Les plantes « entendent »

Si les plantes sont dotées de la faculté d’entendre, faut-il leur parler ? Certains disent que les plantes poussent mieux quand on leur parle ou quand on leur fait écouter de la musique. Ces affirmations apparemment fantaisistes ne le sont pas tant que cela. Les animaux entendent les sons véhiculés par l’air. Ce sont des ondes sonores qui résonnent dans nos tympans.  Or les plantes n’ont pas d’oreilles. Comment donc peuvent-elles être capables d’entendre ? Elles utilisent un autre vecteur de son que l’air : la terre. Pour percevoir les sons, les plantes font exactement comme les indiens des westerns de notre enfance : elles écoutent les sons transmis par le sol. La terre est en effet un conducteur d’une telle qualité que les oreilles sont inutiles. Les vibrations sonores sont captées par une multitude de cellules de la plante dotées de canaux mécano-sensibles. Toutes les parties de la plante (dans l’air comme dans le sol) sont recouvertes de millions de minuscules oreilles. C’est ainsi que les racines sont guidées par ces sons imperceptibles sous la terre. Mais elles-mêmes produisent des sons à mesure qu’elles avancent. Des sortes de « clics » qui résultent de la rupture, au cours de leur croissance, des parois cellulaires en cellulose.
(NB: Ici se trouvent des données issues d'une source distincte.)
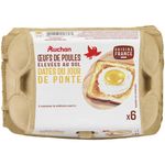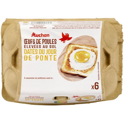 Des oeufs, origine France, de calibre moyen ou gros, vendus par 6, pondus par des poules élevées au sol. La boîte est entièrement recyclable et également compostable à domicile

Ces sons caractéristiques sont « entendus » par les autres parties de la plante et permettent d’organiser harmonieusement sa progression.
 

Quinze autres sens

Les plantes seraient donc dotées de nos cinq sens. Mais elles en possèdent aussi une quinzaine dont nous ne sommes pas dotés. Elles sont en mesure de déterminer le taux d’humidité d’un terrain et de localiser les sources d’eau afin d’y diriger leurs racines. Elles sont capables de percevoir la pesanteur et les champs électromagnétiques qui influencent leur croissance. Véritables laboratoires d’analyse, elles possèdent aussi la faculté de mesurer les gradients chimiques contenus dans l’air ou le sol. Elles peuvent enfin détecter les composés chimiques dangereux de manière à s’en éloigner le plus possible.
 

Les plantes communiquent

Dotée de tous ces sens, la plante est en mesure de communiquer. Communication interne comme externe, la plante passe sa vie à communiquer.
Capable de mesurer des dizaines de paramètres différents et de traiter des quantités considérables de données, la plante s’oriente dans son environnement. Fait-il trop chaud, manque-t-elle d’eau, en a-t-elle trop ? La plante ajuste grâce à ces capteurs sensoriels son organisme. Pour transporter les informations, la plante n’a pas de nerfs comme un animal. Elle ne peut donc émettre des signaux électriques. En revanche, elle utilise un système vasculaire sophistiqué qui lui permet d’envoyer des signaux hydrauliques et chimiques. Les racines d’un chêne sentent-elles qu’il n’y a plus d’eau disponible dans le sol ? Elles enverront donc vers les feuilles des signaux alertant du danger afin que celles-ci régulent leur consommation.
Les plantes communiquent aussi avec les autres. Que ce soit par communication gestuelle, chimique, olfactive, les plantes savent communiquer entre elles. Stefano Mancuso note comment les pins évitent que leurs extrémités se touchent pour ne pas se gêner dans leur croissance vers la lumière. Politesse végétale ? Il explique comment les plantes reconnaissent leurs parentes et protègent leurs rejetons. Qu’elles sont capables d’égoïsme mais aussi d’altruisme, qu’elles savent nouer des relations avec d’autres êtres vivants, bactéries ou insectes, pour se développer. La communication des plantes prend toute son ampleur dans les mécanismes de reproduction : l’utilisation d’insectes ou de petits animaux pollinisateurs en étant l’expression la plus connue.
 

Peut-on parler d’« intelligence végétale » ?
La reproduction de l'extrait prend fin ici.